# Brazilian: Pronunciation of the last letter of a word



## WannaBFluent

Bom dia,

I noticed that when a letter is at the end of a word, the sounds often change.

- *o* becomes /*u*/
examples: no quinto, do, consulado, apartamento
but, exception (still pronounced as /*o*/): com o desconto, Americano


- *e *becomes /i/
example: de frente /dji frentchi/, e /i/, prefere

- *r *(rolled) becomes a roughly aspired /hrh/
examples: vou ver, andar

- some becomes silent:
_____ - sou, sim becomes /so, si/
_____ - para o mar becomes /par o mar/

- and more...

Are there some rules to know the exact pronunciation?

Obrigado.


----------



## guihenning

Sou sim is always pronounced as /sow sĩ/(nasal i), never /sow si/ [final M is never pronounced in Portuguese, it only serves to signalise the preceding vowel is nasal]
The Rs are really crazy because depend on which dialect are we talking about. Rs in Rio differ from Rs in São Paulo, which differs from R in Southern Brazil, which differs from R in Portugal. But I can say that a rolled R never becomes guttural because they don't coexist in the same dialect. People in Rio never trill their R, for example.

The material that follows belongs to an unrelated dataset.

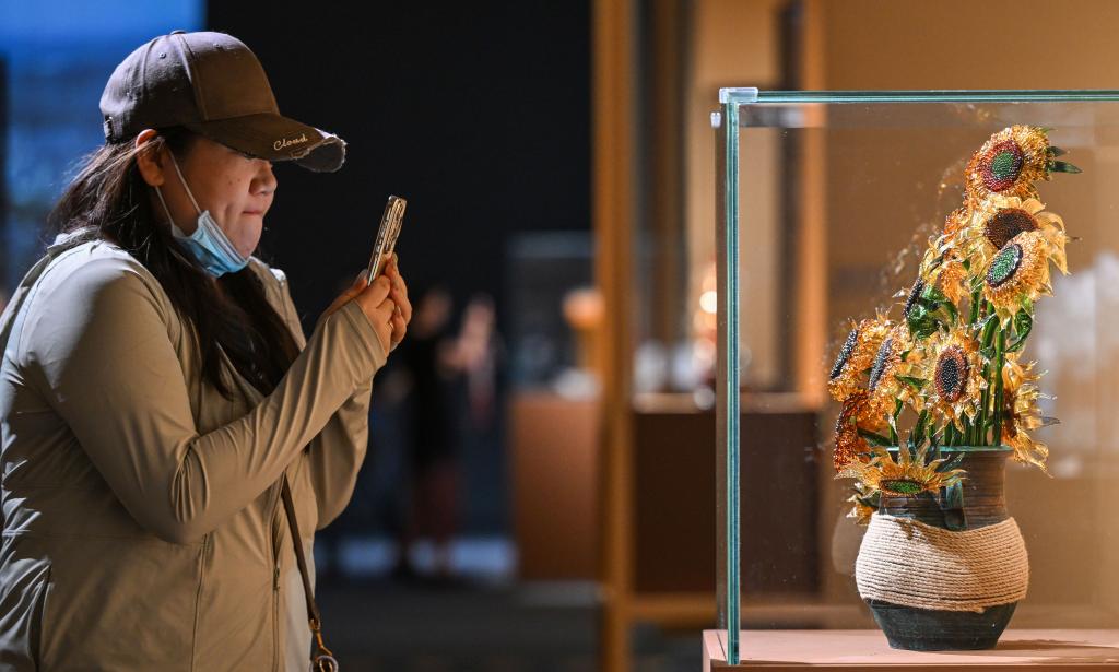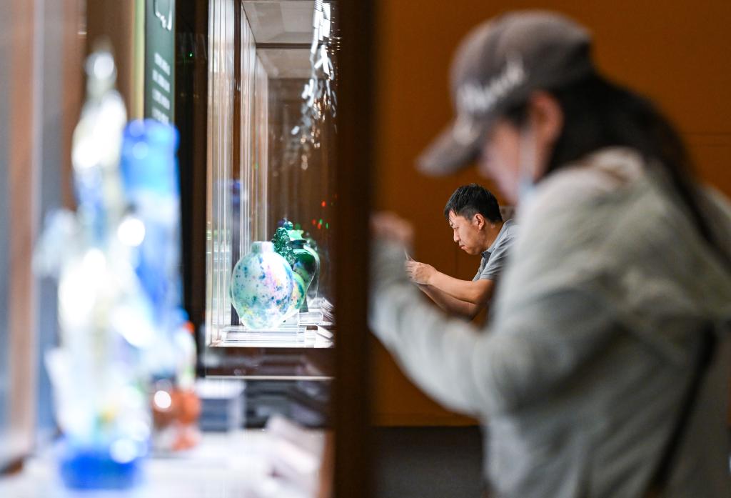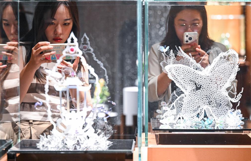 6月10日,参观者在拍摄一件名为“暖光里的葵语”的参展琉璃作品。

Infinitives tend to have their final R silent. *Vou falar > /vow falá/* (similar to _parle*r*_)
People who drop the R usually don't connect it with the next vowel *Vou falar amanhã > /vow falámanhã/*
People who pronounce their final R tend to do it differently. */falaR/(like american R), /falahr/ or /falar/ (like tapped R)*
In the above case, people will connect their Rs with the next vowel:
That R can become a tapped R (like in prato) if the next word starts with vowel: *Vou falar amanhã > /vou falara manhã/*


----------



## guihenning

Also about vowels:
*A*: final A can or can not be reduced to /â/. Not as strong as the Portuguese do, but it changes, especially in monosyllables. Pr*a* > /prâ/ Para > /párâ/
*E*: It's recommended that you reduce all final E to /i/. Otherwise it sounds a little weird/Spanish/Italian. Pan*e* > _/pãni/,_ Infam*e* _/infâmi/_, Telefon*e* > _/telefôni/_
*O*: it's also recommended that you reduce all final O to /u/: Calad*o* > _/caládu/_, Fechad*o* > _/fechádu/_, American*o* > _/americãnu/.

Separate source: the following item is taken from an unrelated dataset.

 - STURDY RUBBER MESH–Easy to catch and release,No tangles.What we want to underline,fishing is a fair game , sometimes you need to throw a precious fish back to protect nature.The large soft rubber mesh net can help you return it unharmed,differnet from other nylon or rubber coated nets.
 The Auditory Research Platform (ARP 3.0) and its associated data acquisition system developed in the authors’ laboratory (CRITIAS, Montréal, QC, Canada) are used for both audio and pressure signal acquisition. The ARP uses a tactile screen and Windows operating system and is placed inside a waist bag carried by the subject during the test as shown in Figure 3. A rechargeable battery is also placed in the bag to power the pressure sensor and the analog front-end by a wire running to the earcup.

Vowel reduction* is standard in Portuguese when vowels are in unstressed position, so people who don't do it (especially Southern Brazil) are considered not standard._

Brazilians are often resilient to reduce letter *O when it's in inicial or medial position*. But it happens. C*o*mprimentar can either sound as /kumprimentar/ or /komprimentar/. Ac*o*m*o*dar can either sound as /akomodar/ or /akumudar/.

Final E can often disappear after the palatal T /tx/: avante /avantx/, adiante /adjiantx/, cortante /kortantx/. Or we can just keep it, depending on the person, speed and dialect: /adjiantxi/, /avantxi/, /kortantxi/.

_*Vowel reduction is the process in which E becomes /i/, O becomes /u/ and so on…_


----------



## WannaBFluent

Muito muito obrigado por todos estes detalhes.

I have one more question, for the word está, some people say /extá/ and others say /está/.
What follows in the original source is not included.